The response to IL-1β differs in several ways. First, IL-1β is initially low, but progressively higher degradative state as reflected in the catabolic gene expression and histo/immunohistochemical data. Second, the induction of catabolic markers is much higher. The dose of IL-1β is high (10 ng/ml) and continuous, which may account for these differences with the traumatic load, which is a one-time, instantaneous insult. The fact that IL-1β induces MMP13 as expected suggests that this component of the physiological response to stress by the chondrocyte construct is present. Although MMP13 is considered a key investigative marker of OA, clinically its use for OA diagnosis and disease burden is not conclusive, as it overlaps with other conditions and protein profiles of control populations. In addition, the most common markers, such as collagen type-2 c-terminal neo-epitope CTXII generated by the activity of MMP13 on COL2, are only clearly diagnostic near the end-stage of the disease [45, 46]. Perhaps more prolonged, altered intracellular signaling or intra-tissue paracrine signaling is required to increase MMP13 gene expression in our system. Future evaluation of these hypotheses using the recently reported microJoint system will help elucidate these points [47,48,49,50].

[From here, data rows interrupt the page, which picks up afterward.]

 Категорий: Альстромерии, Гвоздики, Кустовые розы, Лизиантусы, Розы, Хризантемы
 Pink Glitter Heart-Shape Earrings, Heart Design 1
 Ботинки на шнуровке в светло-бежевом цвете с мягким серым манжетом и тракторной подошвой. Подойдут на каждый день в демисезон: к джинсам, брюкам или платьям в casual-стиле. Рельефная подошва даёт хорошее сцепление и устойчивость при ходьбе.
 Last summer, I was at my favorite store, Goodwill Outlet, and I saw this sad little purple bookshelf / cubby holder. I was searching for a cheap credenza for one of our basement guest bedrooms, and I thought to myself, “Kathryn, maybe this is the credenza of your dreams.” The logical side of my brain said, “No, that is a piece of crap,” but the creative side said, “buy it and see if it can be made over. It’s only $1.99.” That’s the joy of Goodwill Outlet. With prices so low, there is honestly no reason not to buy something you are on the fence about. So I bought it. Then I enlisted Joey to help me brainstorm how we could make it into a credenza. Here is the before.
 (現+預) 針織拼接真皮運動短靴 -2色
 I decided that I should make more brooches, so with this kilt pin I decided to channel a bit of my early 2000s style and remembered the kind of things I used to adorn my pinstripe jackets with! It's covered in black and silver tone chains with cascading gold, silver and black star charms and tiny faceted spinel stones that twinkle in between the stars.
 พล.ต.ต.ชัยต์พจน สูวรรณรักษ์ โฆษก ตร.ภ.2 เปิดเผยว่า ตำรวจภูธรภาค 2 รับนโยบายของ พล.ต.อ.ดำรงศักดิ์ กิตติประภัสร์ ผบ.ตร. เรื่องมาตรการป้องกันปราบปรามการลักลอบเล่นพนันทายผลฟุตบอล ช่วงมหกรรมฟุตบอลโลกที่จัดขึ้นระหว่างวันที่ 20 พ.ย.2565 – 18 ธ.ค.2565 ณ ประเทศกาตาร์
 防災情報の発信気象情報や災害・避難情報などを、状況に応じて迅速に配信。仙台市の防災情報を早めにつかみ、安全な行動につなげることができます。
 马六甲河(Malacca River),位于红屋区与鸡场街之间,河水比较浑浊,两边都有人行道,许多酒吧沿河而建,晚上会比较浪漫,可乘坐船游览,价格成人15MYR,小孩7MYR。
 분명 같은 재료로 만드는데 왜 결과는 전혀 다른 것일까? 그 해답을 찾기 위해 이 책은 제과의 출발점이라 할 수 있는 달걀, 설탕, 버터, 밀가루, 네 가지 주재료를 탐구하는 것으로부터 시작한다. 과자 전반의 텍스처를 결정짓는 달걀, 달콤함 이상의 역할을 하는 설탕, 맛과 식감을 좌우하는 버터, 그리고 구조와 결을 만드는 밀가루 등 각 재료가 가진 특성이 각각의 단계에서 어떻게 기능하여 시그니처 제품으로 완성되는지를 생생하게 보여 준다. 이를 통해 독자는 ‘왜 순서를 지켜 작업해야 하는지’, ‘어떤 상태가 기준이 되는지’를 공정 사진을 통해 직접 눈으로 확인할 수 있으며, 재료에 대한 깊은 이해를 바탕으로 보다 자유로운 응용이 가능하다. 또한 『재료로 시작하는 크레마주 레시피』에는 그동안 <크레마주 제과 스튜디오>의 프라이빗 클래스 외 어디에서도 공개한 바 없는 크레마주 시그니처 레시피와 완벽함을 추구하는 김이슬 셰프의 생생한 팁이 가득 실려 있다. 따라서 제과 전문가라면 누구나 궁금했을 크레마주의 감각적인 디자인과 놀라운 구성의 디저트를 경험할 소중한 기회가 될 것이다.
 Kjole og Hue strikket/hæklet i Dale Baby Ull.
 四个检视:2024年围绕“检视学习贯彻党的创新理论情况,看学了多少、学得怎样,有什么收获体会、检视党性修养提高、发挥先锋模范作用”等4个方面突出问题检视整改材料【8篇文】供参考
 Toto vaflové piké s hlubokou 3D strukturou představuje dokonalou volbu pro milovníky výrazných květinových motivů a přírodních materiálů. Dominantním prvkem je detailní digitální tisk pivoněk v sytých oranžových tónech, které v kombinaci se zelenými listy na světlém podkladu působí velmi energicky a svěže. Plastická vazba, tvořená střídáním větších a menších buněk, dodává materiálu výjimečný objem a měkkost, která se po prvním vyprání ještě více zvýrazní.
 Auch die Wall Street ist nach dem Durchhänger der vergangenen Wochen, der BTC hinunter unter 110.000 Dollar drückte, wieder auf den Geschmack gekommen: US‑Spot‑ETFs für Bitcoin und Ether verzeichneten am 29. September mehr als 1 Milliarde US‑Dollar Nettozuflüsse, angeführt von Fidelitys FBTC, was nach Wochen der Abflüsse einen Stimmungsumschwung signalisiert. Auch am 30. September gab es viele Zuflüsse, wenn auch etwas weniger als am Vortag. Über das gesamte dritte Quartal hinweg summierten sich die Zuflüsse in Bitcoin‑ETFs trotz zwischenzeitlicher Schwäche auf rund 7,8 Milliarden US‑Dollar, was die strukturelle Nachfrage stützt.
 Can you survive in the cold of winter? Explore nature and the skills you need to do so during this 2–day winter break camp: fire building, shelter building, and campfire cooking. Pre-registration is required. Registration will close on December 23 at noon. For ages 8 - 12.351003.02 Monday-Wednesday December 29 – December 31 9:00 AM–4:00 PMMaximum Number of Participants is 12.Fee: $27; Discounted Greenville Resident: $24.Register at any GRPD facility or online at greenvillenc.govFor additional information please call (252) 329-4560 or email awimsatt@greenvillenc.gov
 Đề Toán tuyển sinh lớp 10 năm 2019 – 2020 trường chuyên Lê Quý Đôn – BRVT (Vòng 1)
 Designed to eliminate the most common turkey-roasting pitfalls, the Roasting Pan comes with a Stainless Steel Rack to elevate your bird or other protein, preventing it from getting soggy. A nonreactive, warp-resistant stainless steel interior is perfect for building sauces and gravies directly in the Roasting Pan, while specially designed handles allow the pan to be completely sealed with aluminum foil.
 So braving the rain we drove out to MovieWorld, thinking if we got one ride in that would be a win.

The instantaneous nature of the impact also reveals a level of cell recovery not seen with continual IL-1β stimulation. The potential for a recovery phase was most clearly seen in the histological and immunohistochemical preparations, where pericellular GAG deposition seems to increase again on days 3 and 7, a phenomenon supported by the normalization of ACAN expression by day 7 after impact. Decreases in COL2 expression and increases in iNOS and PTGS2 also stopped by day 3 after traumatic load. The only biomarker that continued to show an increased “degenerative” arc was ADAM-TS4. This is in stark contrast to the progressive, highly patterns of common osteoarthritic biomarkers with continual IL-1β treatment. If these data hold true, the impact model may permit a more physiological evaluation of therapeutic interventions.

Conclusions

In summary, we have shown that a traumatic load delivered to hydrogel-based engineered cartilage using adult human MSCs report many features of early degenerative changes in cartilage after trauma in vitro and in vivo. Such a model may prove important in the development of high-throughput testing systems for testing and optimizing DMOADs specifically for the treatment or prevention of PTOA, because it induces the early disease state in a mechanistically relevant manner.